US President Donald Trump delivered a full-throated campaign kickoff rally in Orlando Tuesday night. Pitch perfect and resonant – at least to his base. His soaring aria went after his favourites: President Barack Obama, illegal immigrants, fake news and the Democrats. And he excoriated Hillary Clinton so long and so loud that one might think she was the 2020 Democratic candidate.
But Trump worked the crowd like the huckster he is. He pushed the right buttons, controlled the crowd, getting them to roar their approval or boo their disdain.

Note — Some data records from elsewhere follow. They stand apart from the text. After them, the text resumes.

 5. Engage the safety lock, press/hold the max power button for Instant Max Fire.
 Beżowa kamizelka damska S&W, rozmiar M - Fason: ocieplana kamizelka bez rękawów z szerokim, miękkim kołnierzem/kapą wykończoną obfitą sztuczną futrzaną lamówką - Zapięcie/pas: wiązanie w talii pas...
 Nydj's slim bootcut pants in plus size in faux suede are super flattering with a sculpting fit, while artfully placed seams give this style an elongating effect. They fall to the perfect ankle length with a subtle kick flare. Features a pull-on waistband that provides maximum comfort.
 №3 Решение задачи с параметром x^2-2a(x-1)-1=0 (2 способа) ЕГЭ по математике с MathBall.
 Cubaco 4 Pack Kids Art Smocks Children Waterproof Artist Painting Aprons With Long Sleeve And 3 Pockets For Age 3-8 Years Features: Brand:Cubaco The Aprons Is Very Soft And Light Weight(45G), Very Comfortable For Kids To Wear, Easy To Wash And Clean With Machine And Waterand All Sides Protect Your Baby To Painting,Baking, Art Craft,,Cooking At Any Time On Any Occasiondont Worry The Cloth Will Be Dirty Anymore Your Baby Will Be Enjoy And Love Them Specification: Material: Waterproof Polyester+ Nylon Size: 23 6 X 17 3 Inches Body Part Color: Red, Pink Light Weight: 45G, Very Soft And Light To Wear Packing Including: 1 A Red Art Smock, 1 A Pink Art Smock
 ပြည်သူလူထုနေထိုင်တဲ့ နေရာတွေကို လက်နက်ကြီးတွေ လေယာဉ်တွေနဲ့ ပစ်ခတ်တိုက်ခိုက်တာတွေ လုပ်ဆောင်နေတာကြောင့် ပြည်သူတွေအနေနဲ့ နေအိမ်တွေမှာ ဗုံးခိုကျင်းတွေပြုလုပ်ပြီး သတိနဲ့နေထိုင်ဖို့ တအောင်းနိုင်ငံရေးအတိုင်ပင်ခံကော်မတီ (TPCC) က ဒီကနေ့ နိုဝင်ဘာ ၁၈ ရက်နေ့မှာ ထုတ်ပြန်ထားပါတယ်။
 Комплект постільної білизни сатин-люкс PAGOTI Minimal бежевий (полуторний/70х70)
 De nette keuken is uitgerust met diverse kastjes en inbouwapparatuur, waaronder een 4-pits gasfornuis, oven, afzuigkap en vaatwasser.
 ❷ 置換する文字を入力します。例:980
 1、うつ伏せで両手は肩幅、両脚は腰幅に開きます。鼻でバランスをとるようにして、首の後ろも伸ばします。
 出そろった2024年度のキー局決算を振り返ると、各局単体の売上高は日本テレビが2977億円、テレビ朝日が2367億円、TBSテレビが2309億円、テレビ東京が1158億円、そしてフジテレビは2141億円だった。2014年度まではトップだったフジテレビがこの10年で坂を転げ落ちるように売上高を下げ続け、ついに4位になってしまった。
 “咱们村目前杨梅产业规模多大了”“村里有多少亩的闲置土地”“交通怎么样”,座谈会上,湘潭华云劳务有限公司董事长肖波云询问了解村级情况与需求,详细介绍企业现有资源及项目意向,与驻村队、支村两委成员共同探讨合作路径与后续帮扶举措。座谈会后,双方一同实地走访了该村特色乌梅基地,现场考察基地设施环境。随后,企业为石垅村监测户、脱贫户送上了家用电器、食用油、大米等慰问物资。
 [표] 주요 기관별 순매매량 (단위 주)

The president will need far more than the support of his base next year. And it’s worth pondering if the Americans who took a halting chance, maybe even former Obama supporters, and voted for Trump in 2016 were as impressed by the bluster this time around.
For this was a scarier, but sharper, Trump than what was presented in the 2016 campaign. And he has a record now. Despite all the pluses he touted – a healthy economy, support for Israel, appointing two Supreme Court justices – he omitted the horrors of his administration: snatching children from their migrant parents, to say nothing of losing track of them and the dire conditions under which they are being held. His wink and tacit support of white nationalists sowing violence in this country. Hiding behind executive privilege to keep subordinates from revealing his shady dealings to Congress. His cozying up to dictators.
His base doesn’t care about any of it. The ultimate Democratic candidate will have to make the case to the voters who are more sceptical – or horrified – this time around, that he or she can truly get this country back on the path of living up to its constitutional ideals. Solely picking on Trump will be the equivalent of picking the low-hanging fruit, shallow and stating the obvious.
But before any of that happens, Democratic candidates are going to have to define themselves and their party, because Trump has, in harsh, stark terms, has definitely defined them for his base: “radical, unhinged and depraved,” he said. They are socialists who want to destroy America, who want to strip Americans of their constitutional rights. He called them un-American. What’s their comeback, a whiny “Am not?”
Trump smartly gave a shout-out to all Florida Republican politicians in the audience, including Senators Marco Rubio and Rick Scott and Governor Ron DeSantis. He is going to need them on his side. Polls showed that Democratic presidential candidates Joe Biden and Bernie Sanders could beat him in Florida. Then again, the polls were wrong in 2016.